(Records contained in a dataset)
-=-=-=-=-

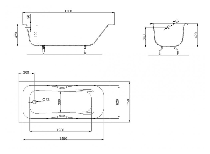 Ванна OWL Бьёрн OWLIB191107 б/п 170х75 см, чугун
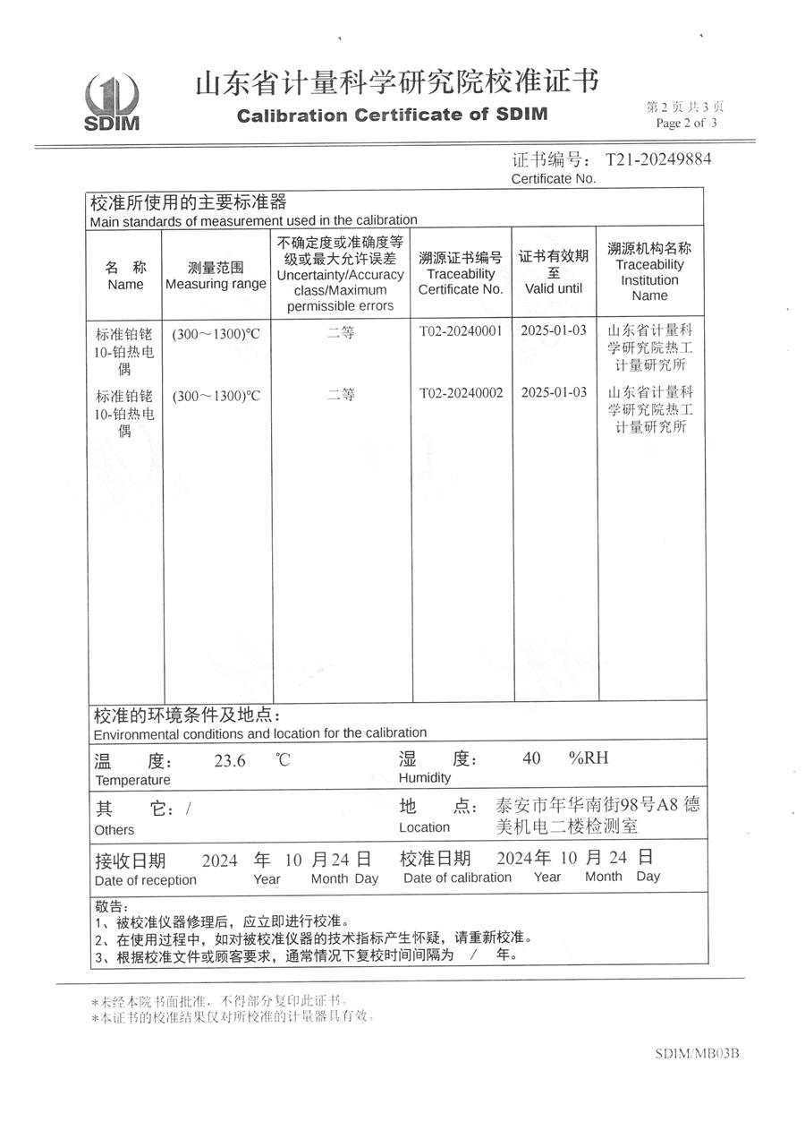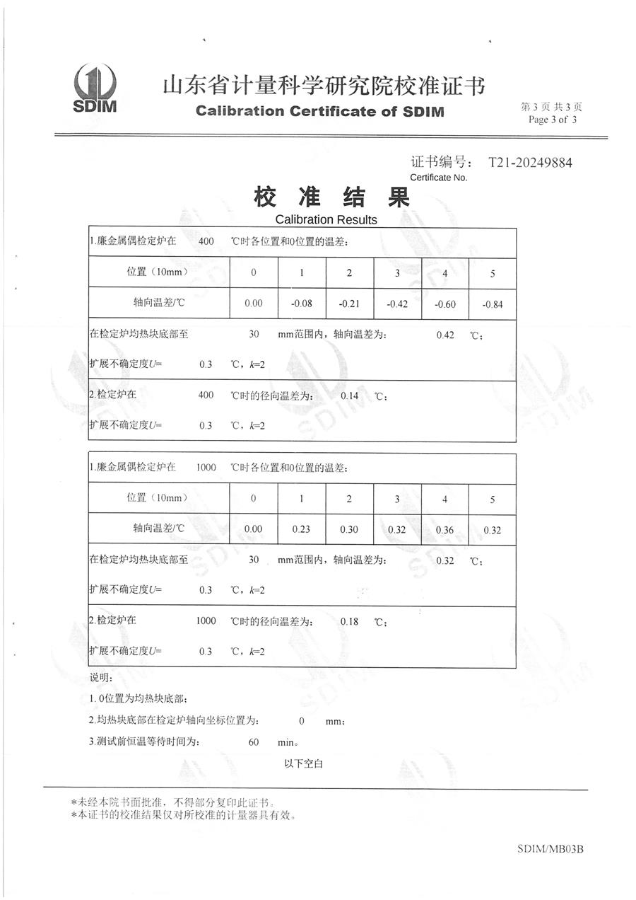 廉金屬熱電偶檢定爐(300-1200℃)校準證書 2024-11-2 本文被閱讀 7051 次
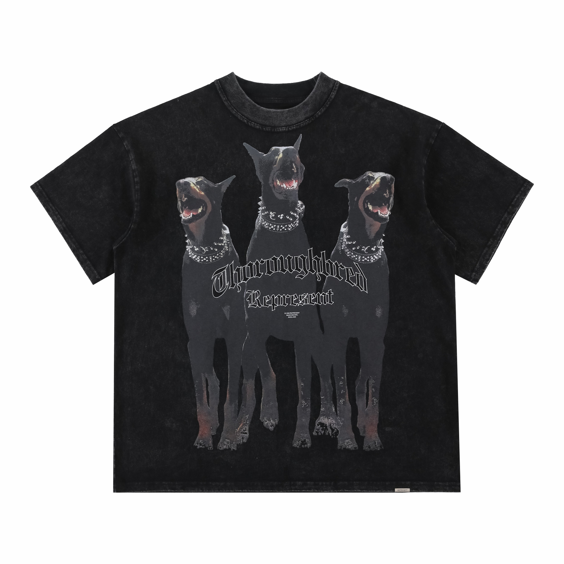 이전 아이콘 미국식 해골 골동품 복고풍 도베르만 인쇄 하이 스트리트 상어 짧은 소매 남성 티셔츠스토어 가기
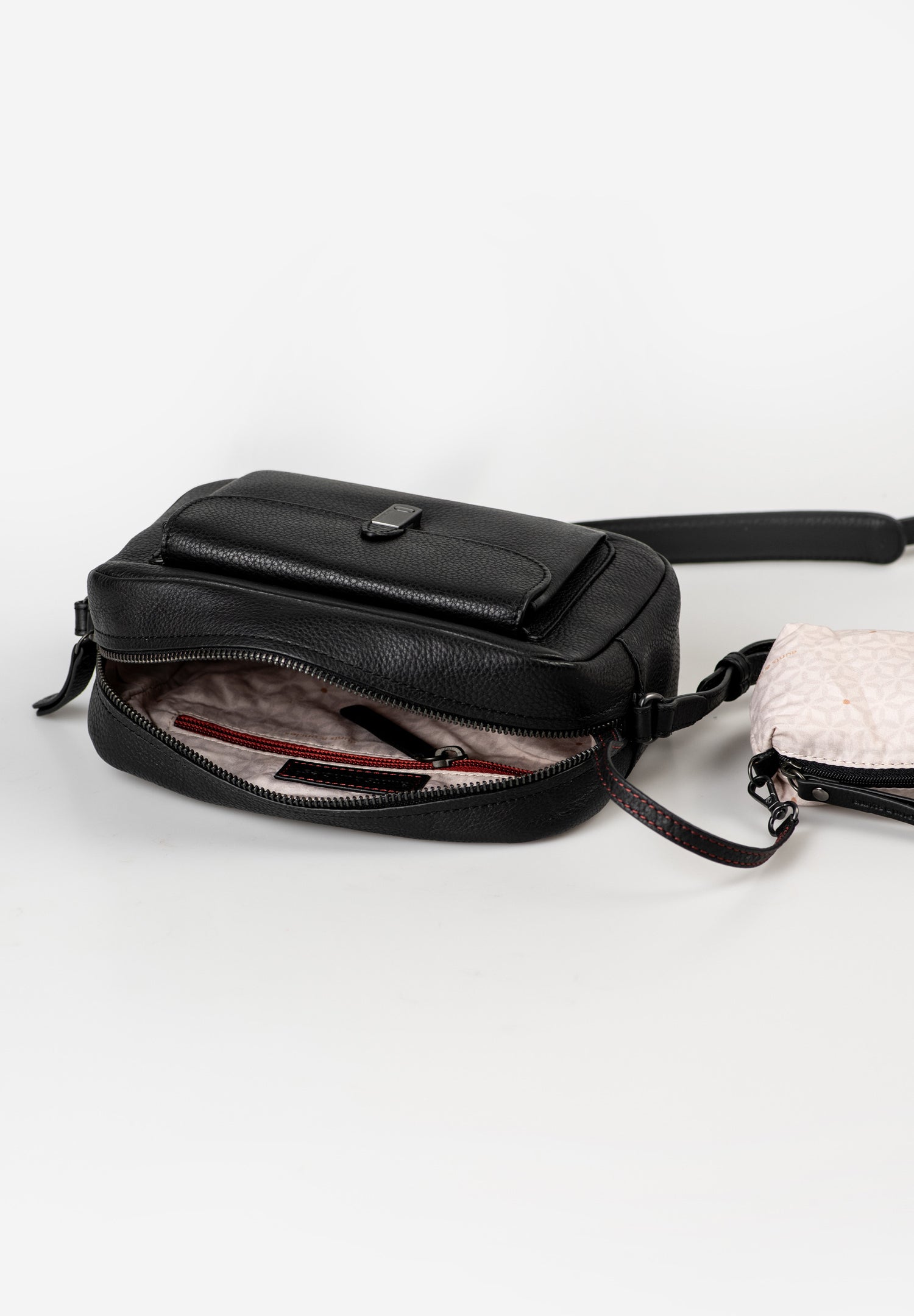 Posh scores with organized storage space in a timeless design. The classic box shape and the elegant, slim closure on the front give the crossbody bag an effortless elegance. The main compartment of the camera bag is equipped with a practical zipper. The front pocket offers quick access to important items. The additionally secured zipper pocket on the back provides space for smaller items that need to be stored particularly securely. The organized interior includes various pockets, a removable textile pouch and a key strap. A shoulder pad ensures comfortable carrying.
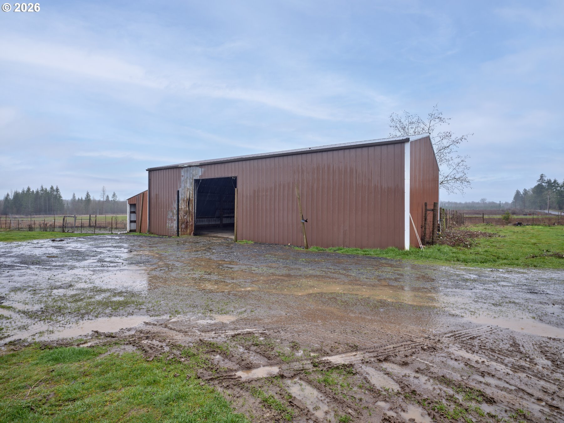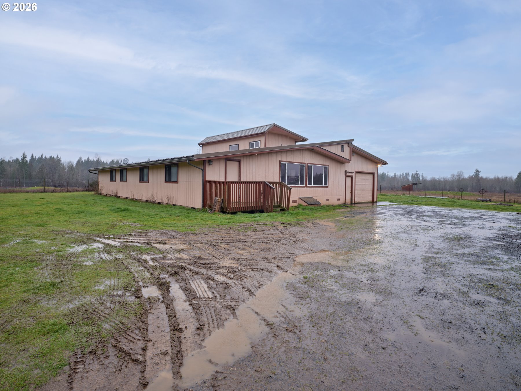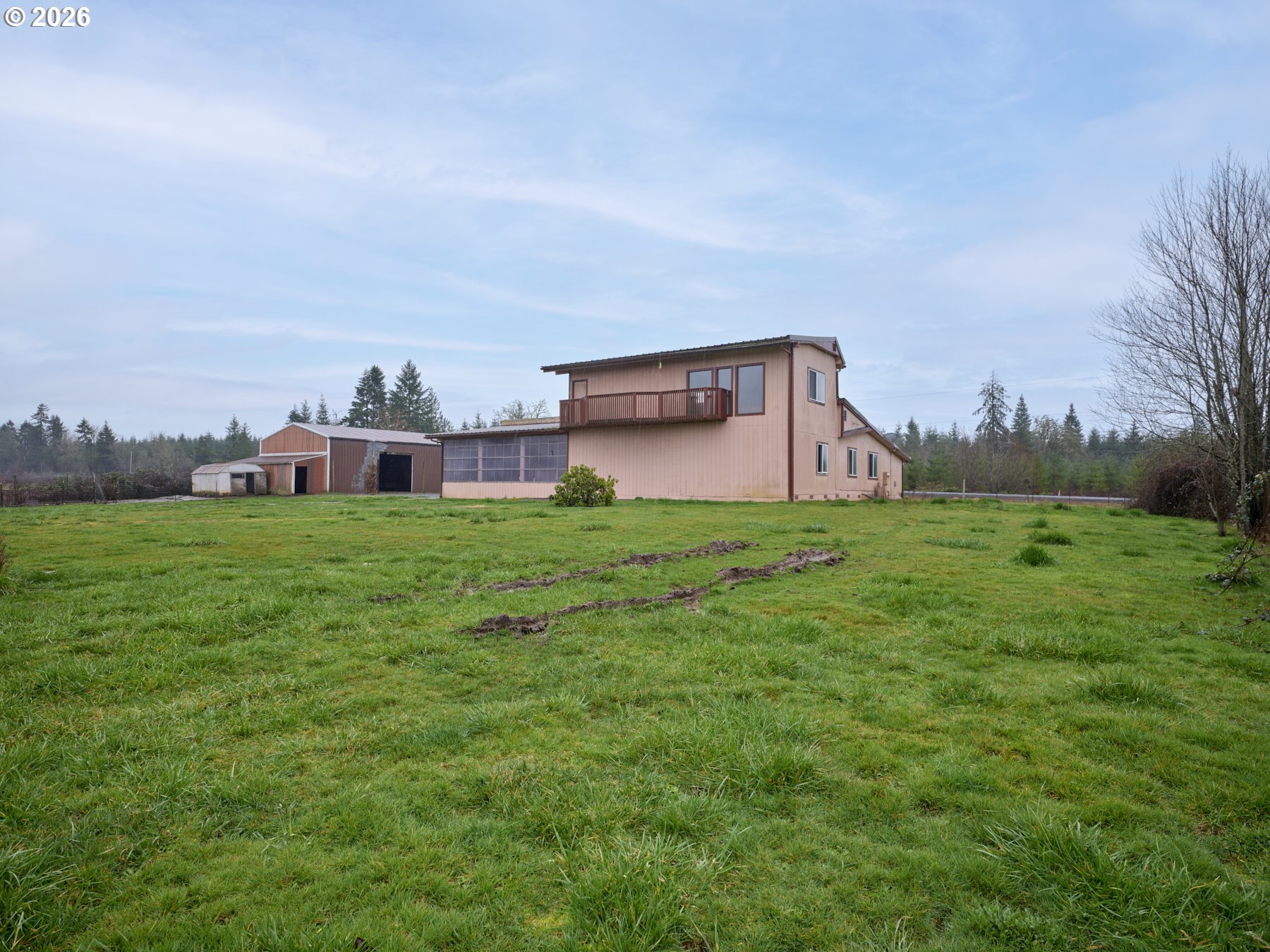 Full of opportunity, this nearly 4000 square foot home on 2 flat acres, being offered in as-is condition offers a host of possibilities and potential. The living structure has an expansive breezeway/mud-porch type enclosure before you enter the main area of the house. Inside there is a very large living room w/pellet stove with wall to wall carpet, followed by an expansive kitchen w/a considerable amount of counter & cabinet space + full set of appliances. 3 Bedrooms on main level including the Primary w/attached bath. Office area w/built-ins off kitchen in addition to a large flex space/utility room. Upstairs there is an office area w/an exterior deck/balcony plus a bedroom w/closet. Approximately 30' x 18' 2-car attached garage. Across the driveway from the house there is a 30' x 48 shop' w/ 8' x 30' enclosed lean-to (perfect to store hay or tools). Property is served by an individual well and septic system. Property is perimeter fenced and has posts in ground at driveway; making it gate-ready. Located on a paved County road inside the Toledo School District. High speed fiber internet available through Toledotel. Less than 6 miles to I5. Ideal location for a home business or small farm property.

-=-=-=-=-

> **Work instructions**
In the entries above, every line from the line with "廉金屬熱電偶檢定爐(300-1200℃)校準證書 2024-11-2 本文被閱讀" to the line with "이전 아이콘 미국식 해골" is to be printed exactly, with both ends included and pictures excluded.

> **Answer area**
 廉金屬熱電偶檢定爐(300-1200℃)校準證書 2024-11-2 本文被閱讀 7051 次
 이전 아이콘 미국식 해골 골동품 복고풍 도베르만 인쇄 하이 스트리트 상어 짧은 소매 남성 티셔츠스토어 가기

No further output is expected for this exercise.